The Tasmania Magic project was so named because the state has an abundance of old houses with ritual magic marks and objects.

Magic Project

Dr Evans had started his discovery of ritual magic practices, which he believes began in the UK and Europe in medieval times, with a child's ankle boot shoe and a woman's lace collar.

The objects were hidden behind a wall of an 1830s house in Dawes Point, one of the oldest parts of Sydney on the harbour foreshores.

Knowing that the practice of secreting ritual magic objects was linked to personal tragedy, Dr Evans investigated.

The objects dated from before 1850, when "belief in magic and the supernatural was still rife".

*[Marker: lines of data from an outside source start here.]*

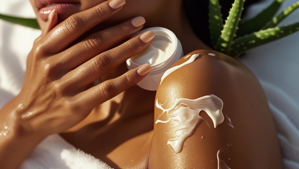 - De l’extérieur : Appliquez quotidiennement un soin hydratant adapté à votre type de peau. Optez pour des crèmes ou laits riches en ingrédients naturels comme l’aloe vera, le beurre de karité ou des huiles végétales légères. Une peau souple et hydratée résistera mieux aux agressions extérieures et aura un plus joli hâle.
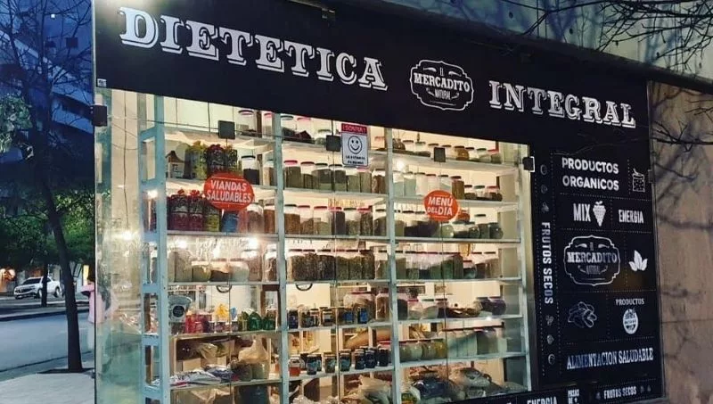 Siguiendo el ejemplo de un amigo propietario de una cadena saludable en Buenos Aires (con 183 sucursales y una distribuidora a gran escala) abrieron la primera dietética en un pequeño espacio sobre Boulevard San Juan. El éxito no tardó en llegar. Los tres locales de ropa que todavía tenían, cambiaron de rubro y se transformaron en dietéticas. Ahí nació (y registró) la marca El Mercadito Natural, y las sucursales se vistieron de blanco y negro.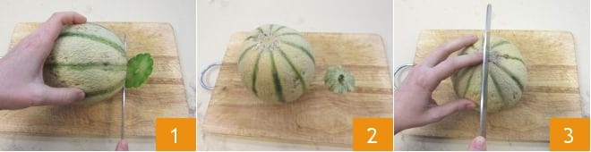 Para preparar as cestas de presunto e melão, a primeira coisa a fazer é esculpir os melões para obter pequenos recipientes que depois iremos preencher. Comece cortando uma rodela no topo do melão 1. Agora vire-o, apoiando-o na parte cortada 2 para que fique mais estável. Proceda agora com o corte que logo se tornará a alça da cesta. Faça um corte profundo na parte superior da fruta, a cerca de 1,5 cm do talo, que vá até a metade do melão 3.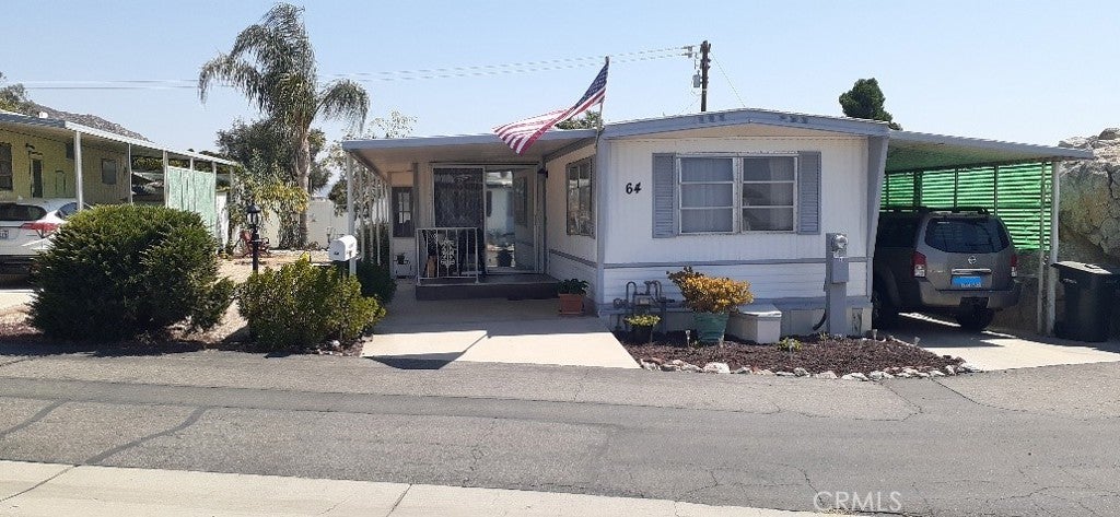 Reduced Price. Charming manufactured home in a 55+ Community. 2 bed 1 bath 672 square foot house with a 360 ft inclosed sunroom. Lots of upgrades, new water heater, new laminated flooring throughout. New water heater, one year new AC wall unit cooler and a master cooler evaporator cooler as well. New freestanding stove . Bathroom has new subfloor, toilet and plumbing. Both bedrooms have built in dresser drawers and closets, also a desk in master. Large back and side yard that is maintenance free and fruit trees. Has six foot vinyl privacy fencing. 2 shed, work bench front and back porch's with awnings. Front porch has new step up deck . Cement driveway, carport with awning. Community has a pool, laundry facilities, office and club house. Park is in a rural type setting mountain views surrounded by open space . Very quite. Close to Diamond Lake where you can go fishing, water park and museum. Echo hills golf course around the corner lots of shopping and restaurants. Appointment only, Park manager approval required. Space Rent $765 a month. Home sold as Is.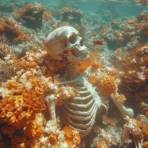 vintage withered photo of an extremely cute woman skeleton swimming an alien habitable underwater planet, coral reefs, liminal space atmosphere, water, plants, chaotic, serenity, rough ocean, tansparent water, reefs, fish, coral, inner peace, awareness, silence, nature, evolution, --ar 1:1 --s 750 --v 6.0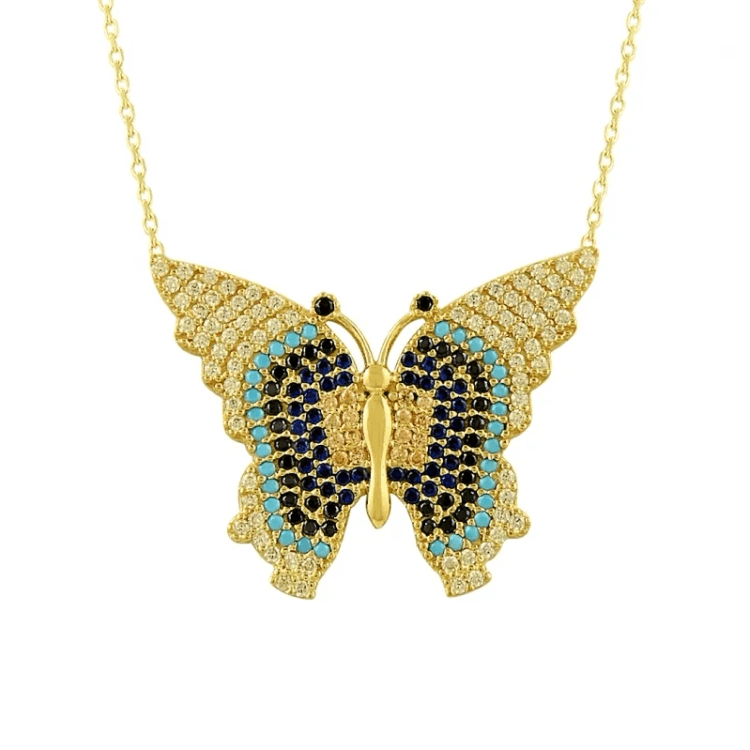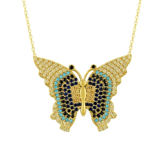 Altın Kolye Modelleri modellerinden Çok Taşlı Kelebek Altın Kolye KLF929 ürünümüz,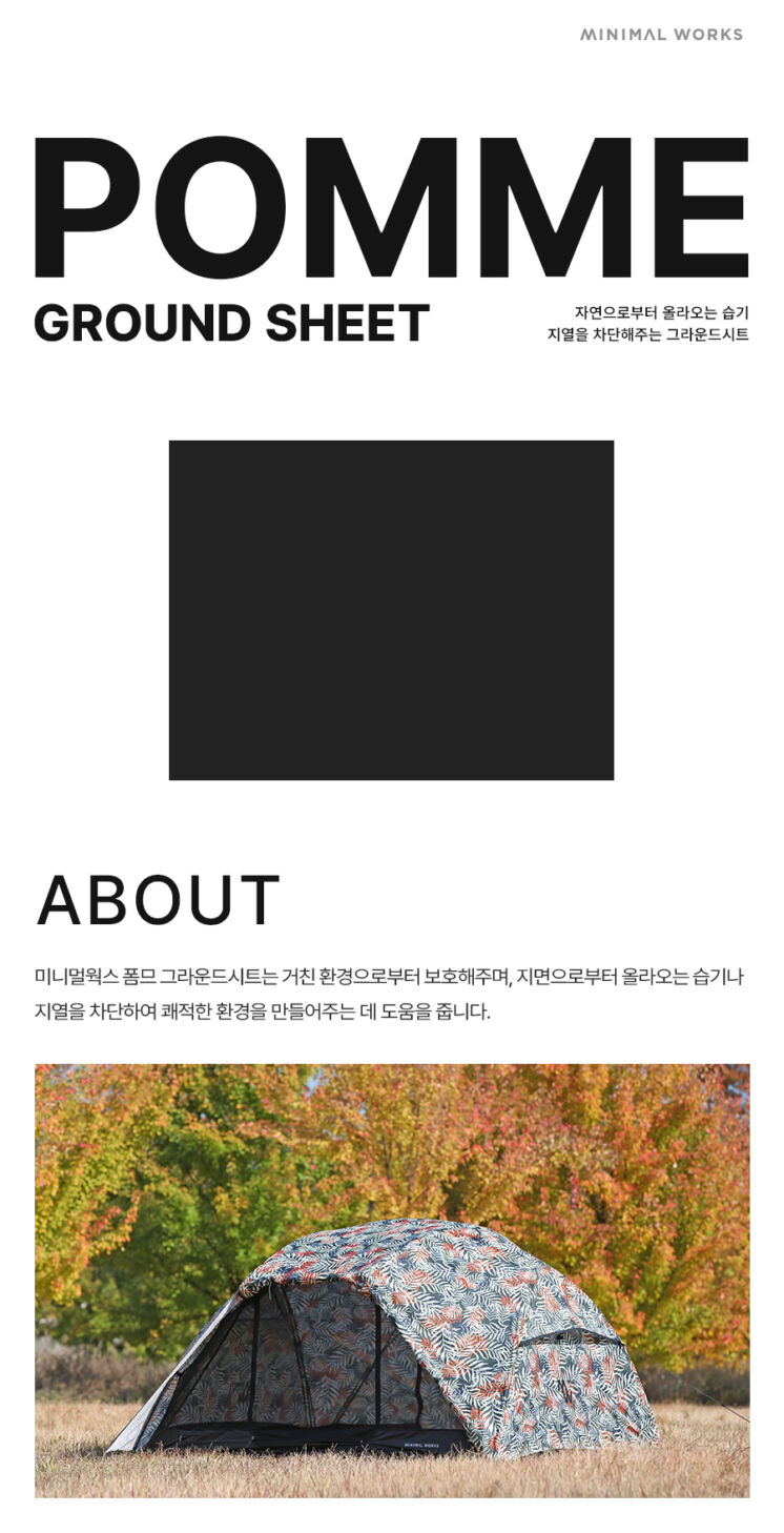 แผ่นรองปูพื้นสำหรับ Minimal Works Pomme สามารถปูครอบคลุมพื้นที่เต็นท์ทั้งหมด ช่วยป้องกันความร้อนความชื้นหรือแมลงได้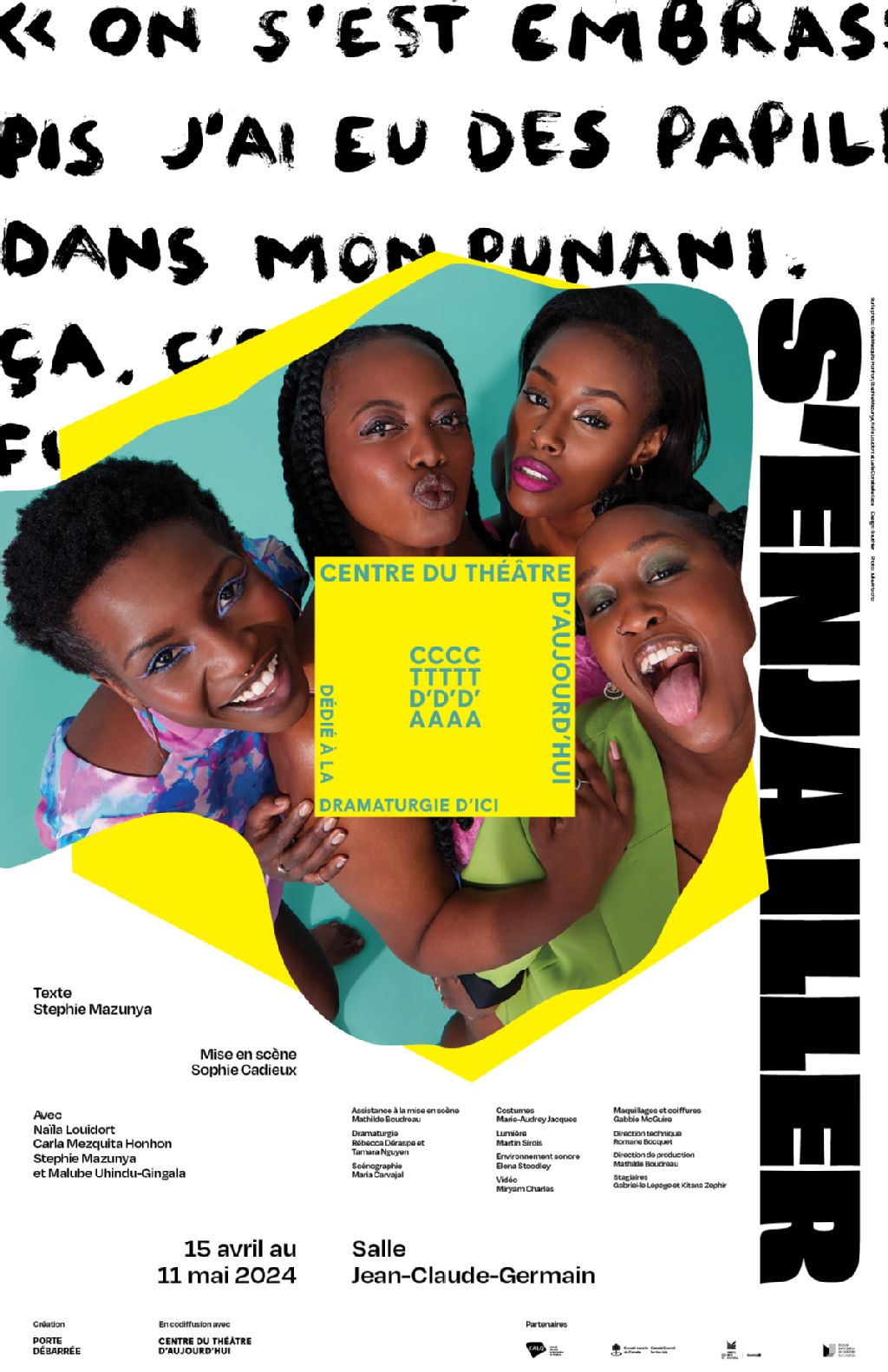 S'enjailler, texte Stephie Mazunya, mise en scène Sophie Cadieux, avec Naïla Louidort, Carla Mezquita Honhon, Stephie Mazunya et Malube Uhindu-Gingala..., Salle Jean-Claude-Germain, du 15 avril au 11 mai 2024, Centre du Théâtre d'Aujourd'hui, dédié à la dramaturgie d'ici

Merels at the Rose and Crown Inn, Lewisham. Photo / Facebook
Merels at the Rose and Crown Inn, Lewisham. Photo / Facebook

Dr Evans found that between 1863 and 1871 the house's occupants were a drapery store owner and city councillor, George Hurley and his wife Mary.

The couple had nine children, but the eldest George died aged 18 months after an illness of "just a few hours".

Twelve months later, the Hurleys' second son died aged three months, and their next child, a daughter Louisa, died from convulsions aged 21 months.

Dr Evans' second discovery was a tradesman's boot in a chimney breast of a country house in the NSW town of Mudgee.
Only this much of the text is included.